Urine—or you're out: drug testing is invasive, insulting, and generally irrelevant to job performance. Why do so many companies insist on it?

Reason, Nov, 2002 by Jacob Sullum

One example is Motorola, which has seen its profits slide recently and plans to eliminate a third of its work force by the end of the year. When Motorola started doing drug testing, the company's communications director says, "The cost wasn't really a factor because we really felt like it was something we should attend to at the time." But Motorola recently scaled back its urinalysis program, which for a decade included random testing of employees; now it tests only applicants.

Motorola's decision maybe part of a trend.
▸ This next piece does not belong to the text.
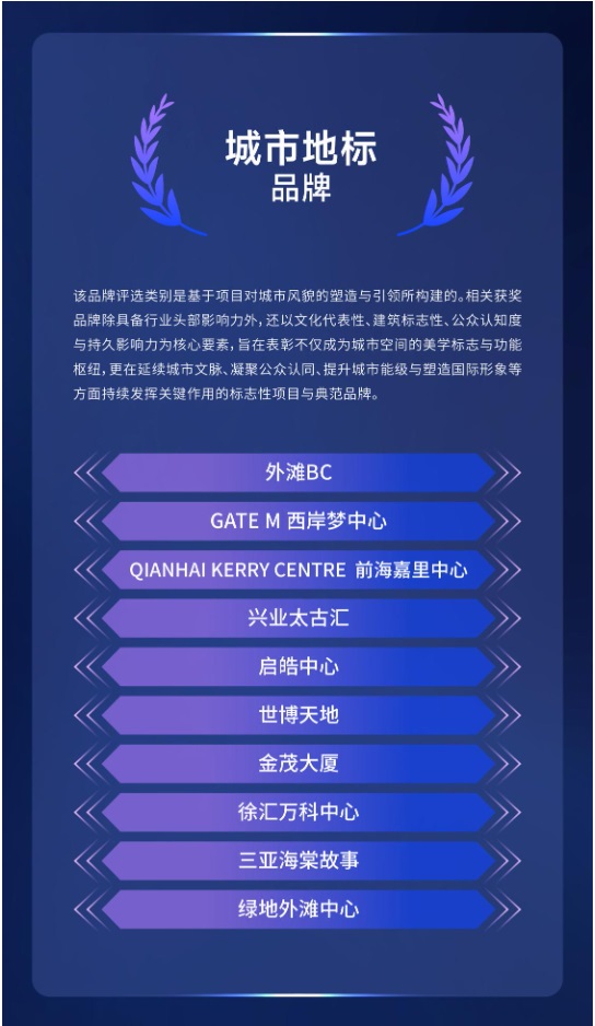 該品牌評選類別是基于項目對城市風(fēng)貌的塑造與引領(lǐng)所構(gòu)建的。相關(guān)獲獎品牌除具備行業(yè)頭部影響力外,還以文化代表性、建筑標(biāo)志性、公眾認(rèn)知度與持久影響力為核心要素,旨在表彰不僅成為城市空間的美學(xué)標(biāo)志與功能樞紐,更在延續(xù)城市文脈、凝聚公眾認(rèn)同、提升城市能級與塑造國際形象等方面持續(xù)發(fā)揮關(guān)鍵作用的標(biāo)志性項目與典范品牌。

The share of companies reporting drug testing programs in the American Management Association's surveys of large employers dropped from a peak of 81 percent in 1996 to 67 percent last year. Some of that drop may reflect a new questionnaire the organization started using in 1997. The new survey is less focused on testing, which could have changed the mix of companies that chose to participate. But the downward trend continued after 1997.

Once drug testing became common, it acquired a certain inertia: Employers who didn't do it worried that they might be at a disadvantage in attracting qualified workers or maintaining a positive public image. Employers who did it worried that stopping would hurt their recruitment or reputations. Yet without abandoning drug testing completely, a company can save money by giving up random tests. Even if it keeps random tests, it can save money by testing less frequently--the sort of change that would not be widely noticed.

Still, one reason drug testing endures is that it does not cost very much, especially from the perspective of a large employer. Eastman Kodak, which has more than 100,000 employees worldwide, pays just $12 to $15 per test. Even considering additional expenses (such as the medical review officer's time), and even with thousands of applicants a year, the total cost is a drop in the bucket. Drug tests cost Cork Crown & Seal, Which has nearly 40,000 employees worldwide, $25 to $30 per applicant, for a total of less than $1000,000 a year. Motorola, which will have about 100,000 employees after this year's cutbacks, spent something like $1 million a year when it was doing random testing of employees--still not a significant concern to a corporation with billions of dollars in revenue (at least, not until profits took a dive).

Small companies, which have always been less inclined to do drug testing, have to pay more per test and are less able to afford it. They also have lower profiles. "If G.M. were to be on the front page of The Wall Street Journal, announcing that they dropped their drug testing program, I wouldn't want to own their stock," Maltby says. He recalls a conversation in which the president of a Fortune 500 company told him that a few million dollars a year was a small price to pay for the reassurance that drug testing gives stockholders.

The direct costs of drug testing are not the whole story; however. Wayne Sanders, CEO of the paperproducts giant Kimberly-Clark, has to keep shareholders in mind, but he also worries about the message that drug testing sends to employees. In 1986, when Sanders was the company's head of human resources, managers pressured him to start doing drug testing, arguing that otherwise Kimberly-Clark would get all the addicts rejected by other employers. According to The Dallas Morning News, Sanders, "who wasn't about to pee in a bottle," thought the notion was "utter bunk." He successfully argued that "the idea of urine testing was demeaning and completely alien in a culture based on trust and respect."